### [WHAT YOU HAVE TO DO]
Once you reach the line that holds "Cast Iron Lamp" in the listing below, output it and every line after it through the line that holds "The information that", word for word.

### [DATA RECORDS]
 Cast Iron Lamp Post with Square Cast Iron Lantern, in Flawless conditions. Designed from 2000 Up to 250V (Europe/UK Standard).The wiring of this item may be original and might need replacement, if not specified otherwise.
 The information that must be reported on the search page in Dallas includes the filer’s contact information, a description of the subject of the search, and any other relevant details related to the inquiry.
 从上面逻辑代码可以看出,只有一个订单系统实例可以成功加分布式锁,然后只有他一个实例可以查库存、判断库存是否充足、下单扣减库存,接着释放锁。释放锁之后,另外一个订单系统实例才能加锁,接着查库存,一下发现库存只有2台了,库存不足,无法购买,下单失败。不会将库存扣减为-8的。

---

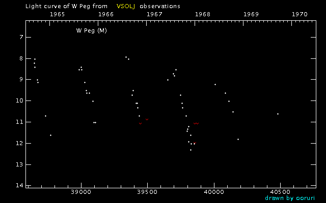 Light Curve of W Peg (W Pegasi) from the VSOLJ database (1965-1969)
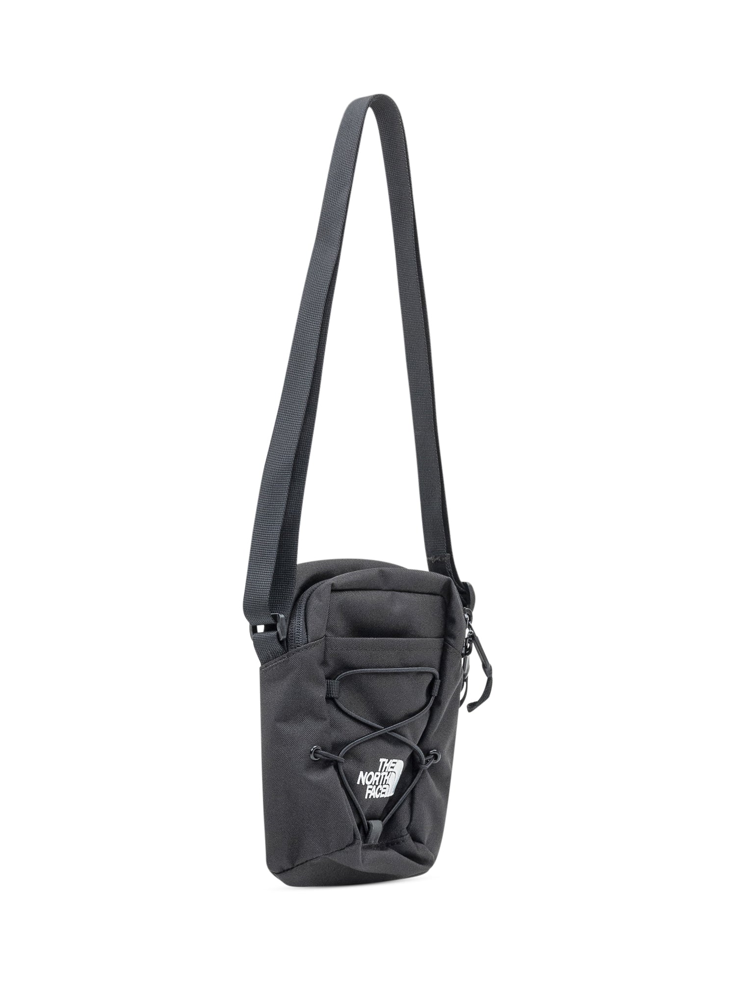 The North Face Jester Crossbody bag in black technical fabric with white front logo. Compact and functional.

--

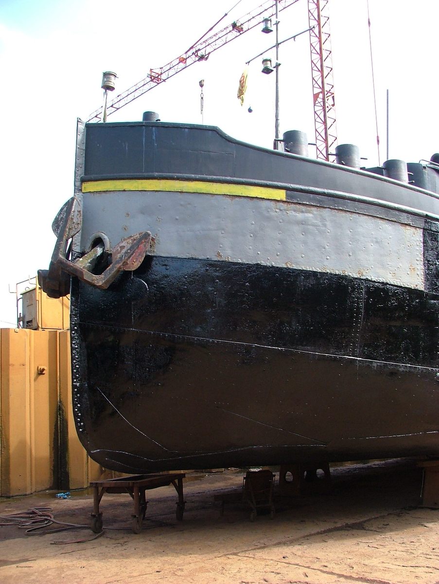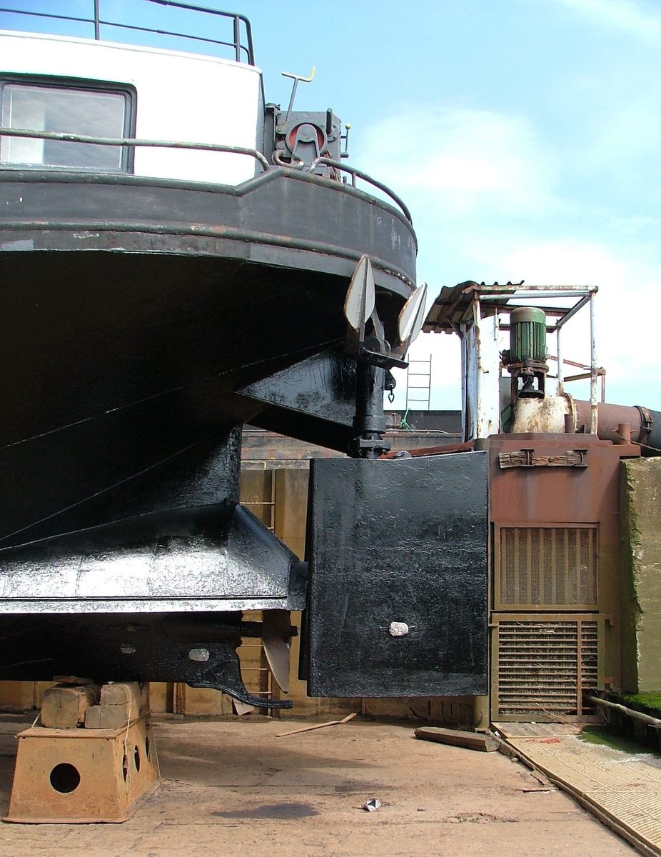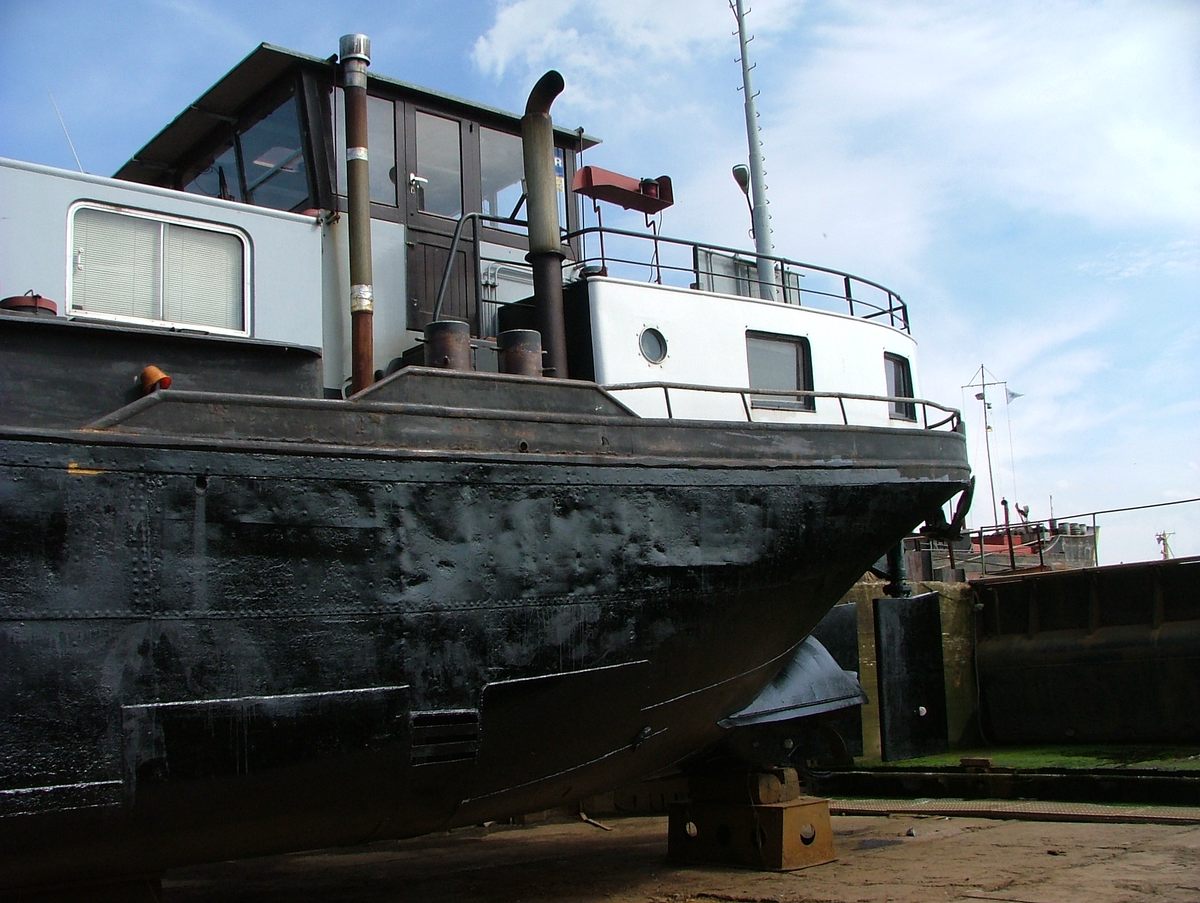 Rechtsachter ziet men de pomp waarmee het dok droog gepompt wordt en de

### [EXPECTED OUTPUT]
 Cast Iron Lamp Post with Square Cast Iron Lantern, in Flawless conditions. Designed from 2000 Up to 250V (Europe/UK Standard).The wiring of this item may be original and might need replacement, if not specified otherwise.
 The information that must be reported on the search page in Dallas includes the filer’s contact information, a description of the subject of the search, and any other relevant details related to the inquiry.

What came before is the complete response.